Re: [ceph-users] osds crashing during hit_set_trim and hit_set_remove_all

2017-03-03 Thread Sage Weil
On Fri, 3 Mar 2017, Mike Lovell wrote:
> i started an upgrade process to go from 0.94.7 to 10.2.5 on a production
> cluster that is using cache tiering. this cluster has 3 monitors, 28 storage
> nodes, around 370 osds. the upgrade of the monitors completed without issue.

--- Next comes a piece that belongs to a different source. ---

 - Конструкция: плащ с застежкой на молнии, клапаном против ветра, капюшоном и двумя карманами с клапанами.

> i then upgraded 2 of the storage nodes, and after the restarts, the osds
> started crashing during hit_set_trim. here is some of the output from the
> log.
> 2017-03-02 22:41:32.338290 7f8bfd6d7700 -1 osd/ReplicatedPG.cc: In function
> 'void ReplicatedPG::hit_set_trim(ReplicatedPG::RepGather*, unsigned int)'
> thread 7f8bfd6d7700 time 2017-03-02 22:41:32.335020
> osd/ReplicatedPG.cc: 10514: FAILED assert(obc)
> 
>  ceph version 0.94.7 (d56bdf93ced6b80b07397d57e3fa68fe68304432)
>  1: (ceph::__ceph_assert_fail(char const*, char const*, int, char
> const*)+0x85) [0xbddac5]
>  2: (ReplicatedPG::hit_set_trim(ReplicatedPG::RepGather*, unsigned
> int)+0x75f) [0x87e48f]
>  3: (ReplicatedPG::hit_set_persist()+0xedb) [0x87f4ab]

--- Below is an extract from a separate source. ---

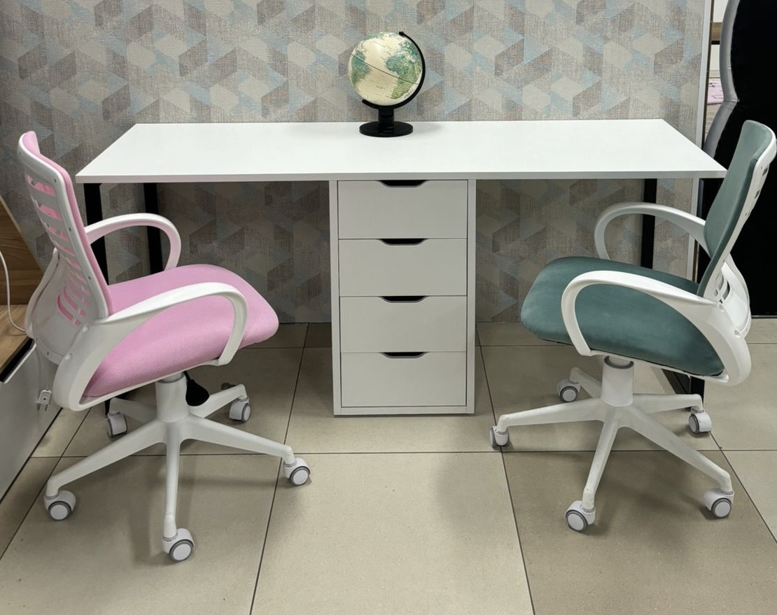 Стол Дуэт 2000 мм (белый + опоры белые). Столешница 22 мм от Династия Kids
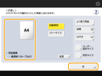奥まで差し込むと、用紙サイズと種類を設定する画面が表示されます。

>  4: (ReplicatedPG::do_op(std::tr1::shared_ptr&)+0xe3a) [0x8a0d1a]
>  5: (ReplicatedPG::do_request(std::tr1::shared_ptr&,
> ThreadPool::TPHandle&)+0x68a) [0x83be4a]
>  6: (OSD::dequeue_op(boost::intrusive_ptr,
> std::tr1::shared_ptr, ThreadPool::TPHandle&)+0x405) [0x69a5c5]
>  7: (OSD::ShardedOpWQ::_process(unsigned int,
> ceph::heartbeat_handle_d*)+0x333) [0x69ab33]
>  8: (ShardedThreadPool::shardedthreadpool_worker(unsigned int)+0x86f)
> [0xbcd1cf]
>  9: (ShardedThreadPool::WorkThreadSharded::entry()+0x10) [0xbcf300]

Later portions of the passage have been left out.